The Book
Reckoning with Slavery: Gender, Kinship, and Capitalism in the Early Black Atlantic
The Author(s)
Jennifer L. Morgan
In this trenchant, erudite, and wide-ranging analysis, Jennifer Morgan argues that, from the start of the trans-Atlantic slave trade, enslaved African women were at the center of the emerging system of slavery—and that the system of slavery in the Americas was central to the development of modern capitalism. The prevalence of women, their erasure in the archival record, and the denial of their kinship ties (especially to parents and children) at the heart of enslavement are central, Morgan argues, to understanding the ideological workings of the emerging system of Atlantic slavery. And this system of slavery was important in Europe and the Americas not just because it extracted and concentrated wealth but also because the ideological innovations and requirements of the slave system, as early the seventeenth century, helped generate the modern domains of mathematics, accounting, demography, and political economy that have so profoundly shaped the modern world.
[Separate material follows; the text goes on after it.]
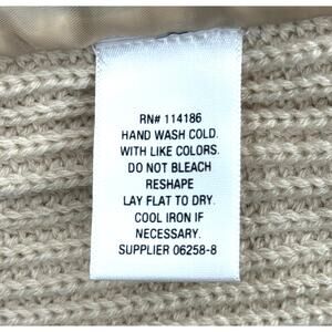 The front is lined faux fur and the back is a soft shaker knit sweater in a tan color which is ribbed at the collar.

Morgan frames the book as a series of thematic chapters, grounded largely in the writings of Euro-American enslavers, merchants, intellectuals, and political actors, and makes powerful use of archival examples of enslaved women’s responses to the horrors and predicaments they faced. The first chapter makes a characteristic double argument: Morgan reads the evidence produced by slave traders and enslavers to emphasize the actual demographic centrality of African women in the first centuries of the trans-Atlantic slave trade and in the development of slavery in the Americas while also analyzing the pervasive erasure of women in the archive, which typically rendered individual women and men as anonymized, de-gendered, units of accounting. “In the face of such attempts at erasure,” Morgan emphasizes, “kinship became key to enslaved persons’ efforts to endure enslavement and to identify slavery’s core violations” (248). In an insightful chapter on resistance and refusal, Morgan sees the archive of collective revolt as epitomizing one of her central observations: “Here the connection between early modern numeracy and the formalizing of racial hierarchy is made clearest because it renders the presence and experience of Black women hazy, unknowable, or simply erased” (214). She goes on to consider how other forms of women’s resistance, including maroonage, reproductive control, and infanticide, were ideologically constructed by enslavers. As she concludes: “we should pay particular attention to evidence in the historical record of women who enacted strategies of resistance that could have been motivated by the existence of, or the reclaiming of, elements of domestic life, interior life, or private life” (244).
Like her first book, Laboring Women (2004), Reckoning with Slavery brims with insights and arguments likely to generate important new lines of scholarly investigation and debate. Historians will want to more fully consider how Morgan’s intervention intersects with Walter Johnson’s analysis of the complex interpersonal dynamics at the heart of the “chattel principle”; Stephanie Smallwood’s analysis of the social, psychological, and cultural processes of transforming captives into commodities in Africa and during the Middle Passage; and Orlando Patterson’s much-glossed emphasis on the ideology of “social death” as a central feature of slave systems across time and space. Morgan’s incisive analysis of enslaved women’s gendered and embodied experience will also inspire similar questions about men. What did it mean for enslaved men to be rendered in gender-neutral figurations, to be degendered, to have their masculine identities erased, their kinship ties dismissed? Meanwhile, scholars will want to explore how Western African history—especially the history of enslavement before and during the era of the trans-Atlantic slave trade—can help enrich our understanding of Atlantic slave systems. As Diana Paton has recently argued, in crucial sectors of the Atlantic world, enslavers facing appalling high death rates and low birth rates relied on the reproductive labor of women in Africa to keep their plantations in the Americas populated. Such questions are a testament to the importance and richness of Reckoning with Slavery.
About the Reviewer
John Sweet is an historian of Early America and the former director of UNC’s interdisciplinary Program in Sexuality Studies. He specializes in the social and cultural histories of race, gender, and sexuality during the periods before and after the American Revolution. Most recently, he is the author of The Sewing Girl’s Tale: A Story of Crime and Consequences in Revolutionary America (New York: Henry Holt & Co., 2022).